Saved entries

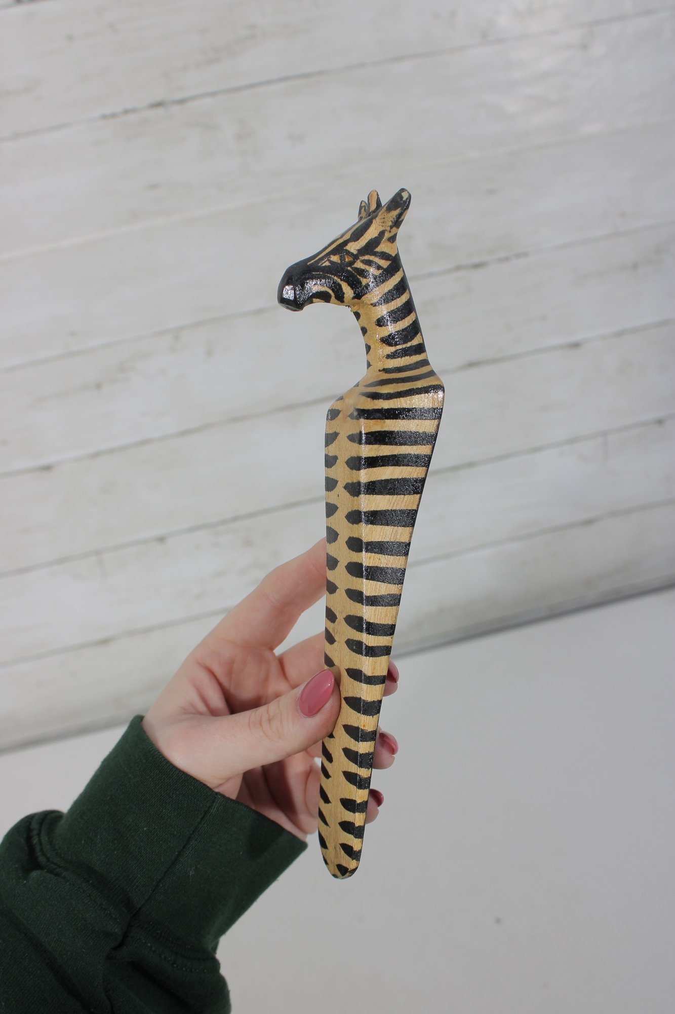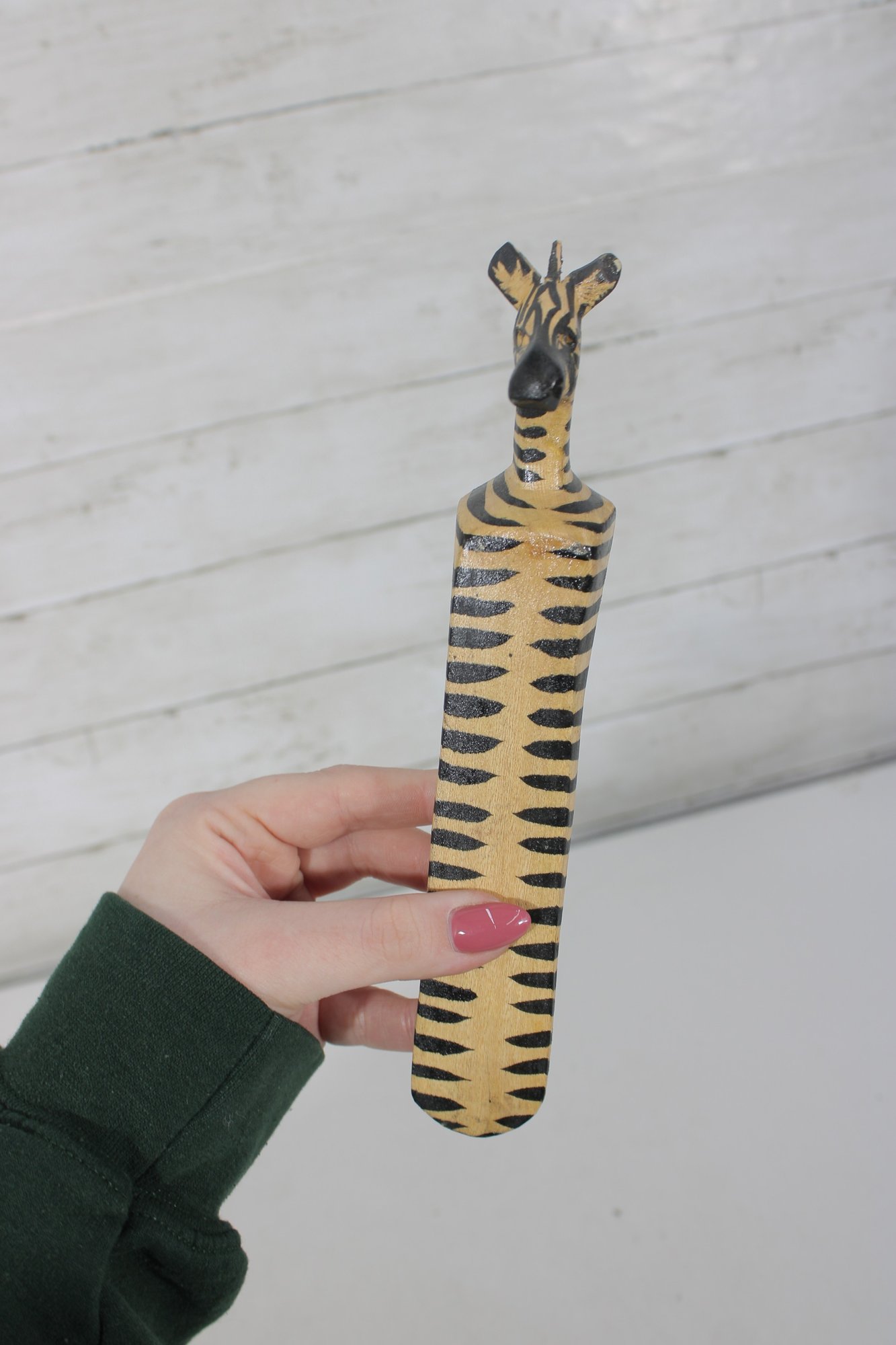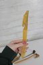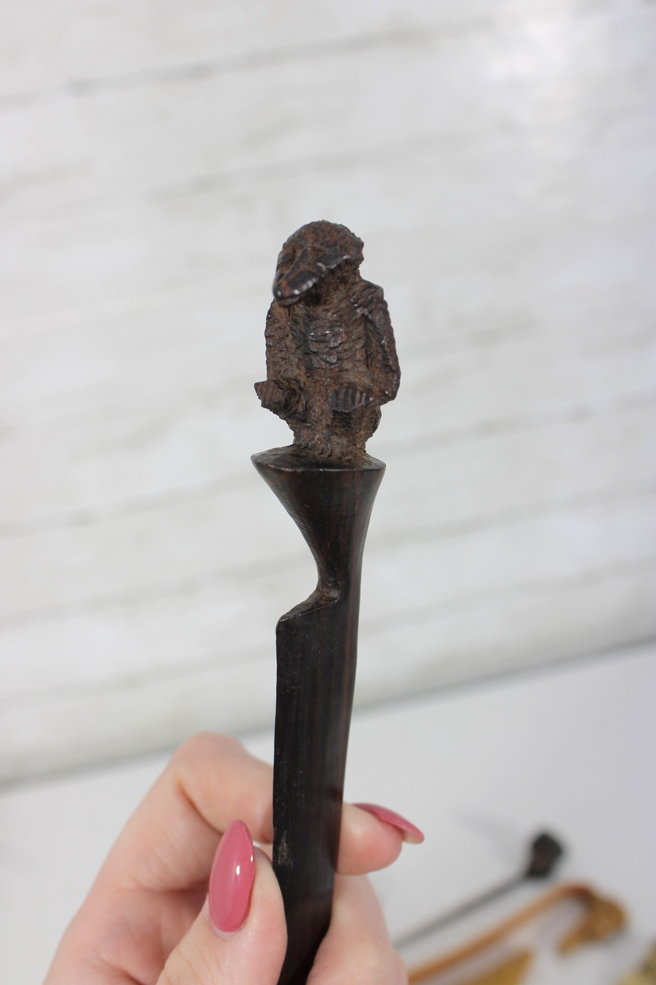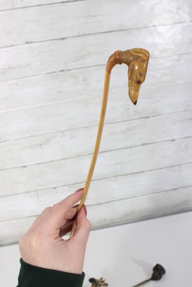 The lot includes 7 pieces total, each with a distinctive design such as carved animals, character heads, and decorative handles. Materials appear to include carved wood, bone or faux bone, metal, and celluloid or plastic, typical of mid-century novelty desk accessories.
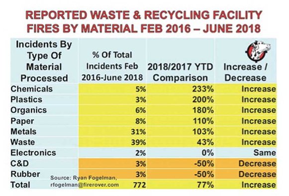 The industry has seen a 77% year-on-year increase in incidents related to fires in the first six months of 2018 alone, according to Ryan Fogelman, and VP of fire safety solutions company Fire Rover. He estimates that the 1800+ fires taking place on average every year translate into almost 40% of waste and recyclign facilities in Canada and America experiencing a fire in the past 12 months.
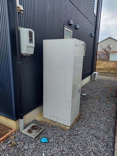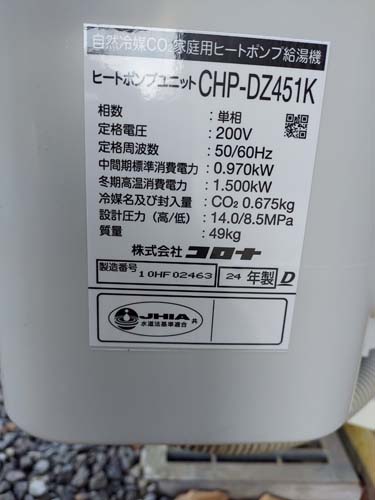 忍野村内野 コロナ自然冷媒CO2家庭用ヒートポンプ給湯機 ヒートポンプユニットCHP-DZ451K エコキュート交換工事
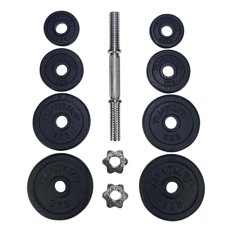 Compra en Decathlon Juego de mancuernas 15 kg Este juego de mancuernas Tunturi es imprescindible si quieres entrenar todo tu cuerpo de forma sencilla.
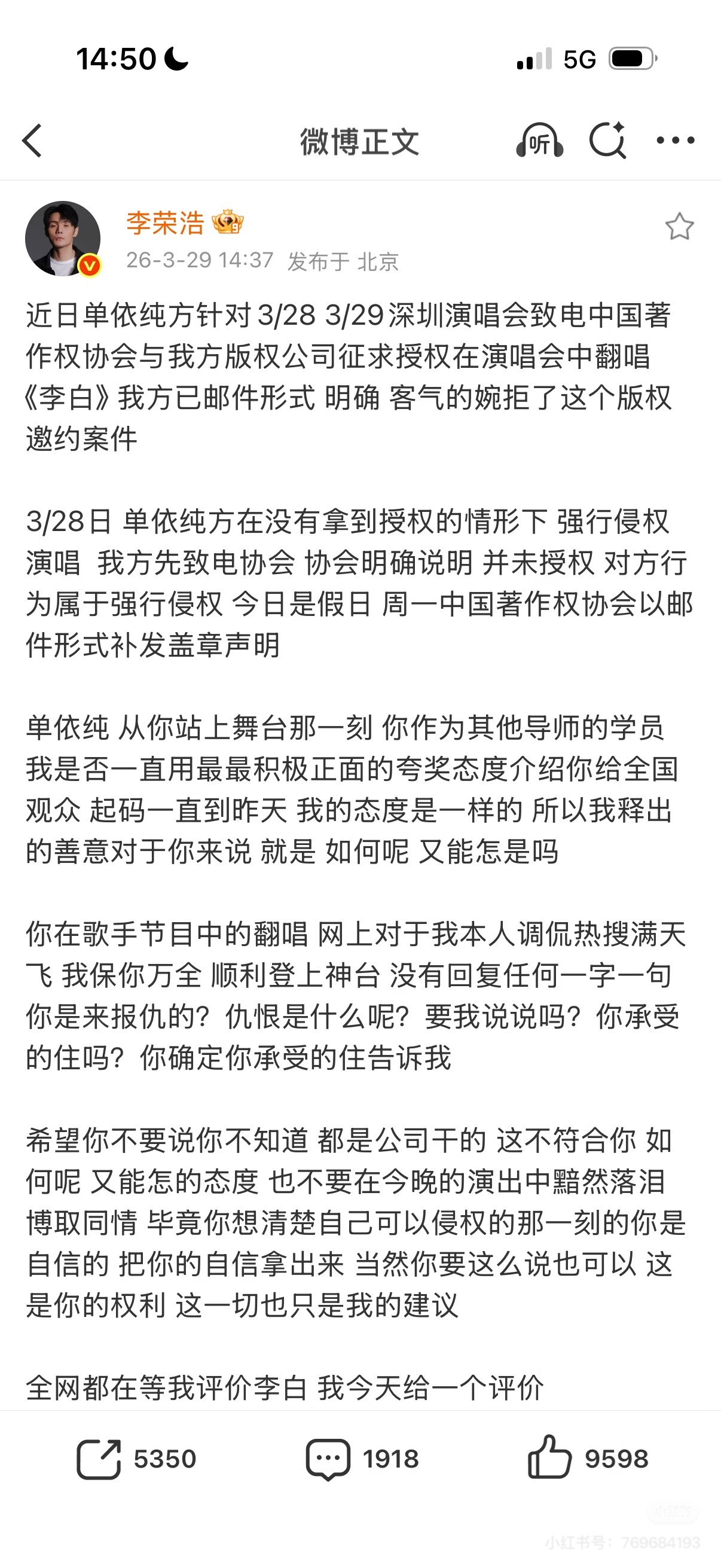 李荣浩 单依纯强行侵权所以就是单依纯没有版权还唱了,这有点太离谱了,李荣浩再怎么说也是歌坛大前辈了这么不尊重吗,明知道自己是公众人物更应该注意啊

◆ What is being asked ◆
All of the entries need to be retyped word for word, pictures excluded.

◆ Reply to the task ◆
 The lot includes 7 pieces total, each with a distinctive design such as carved animals, character heads, and decorative handles. Materials appear to include carved wood, bone or faux bone, metal, and celluloid or plastic, typical of mid-century novelty desk accessories.
 The industry has seen a 77% year-on-year increase in incidents related to fires in the first six months of 2018 alone, according to Ryan Fogelman, and VP of fire safety solutions company Fire Rover. He estimates that the 1800+ fires taking place on average every year translate into almost 40% of waste and recyclign facilities in Canada and America experiencing a fire in the past 12 months.
 忍野村内野 コロナ自然冷媒CO2家庭用ヒートポンプ給湯機 ヒートポンプユニットCHP-DZ451K エコキュート交換工事
 Compra en Decathlon Juego de mancuernas 15 kg Este juego de mancuernas Tunturi es imprescindible si quieres entrenar todo tu cuerpo de forma sencilla.
 李荣浩 单依纯强行侵权所以就是单依纯没有版权还唱了,这有点太离谱了,李荣浩再怎么说也是歌坛大前辈了这么不尊重吗,明知道自己是公众人物更应该注意啊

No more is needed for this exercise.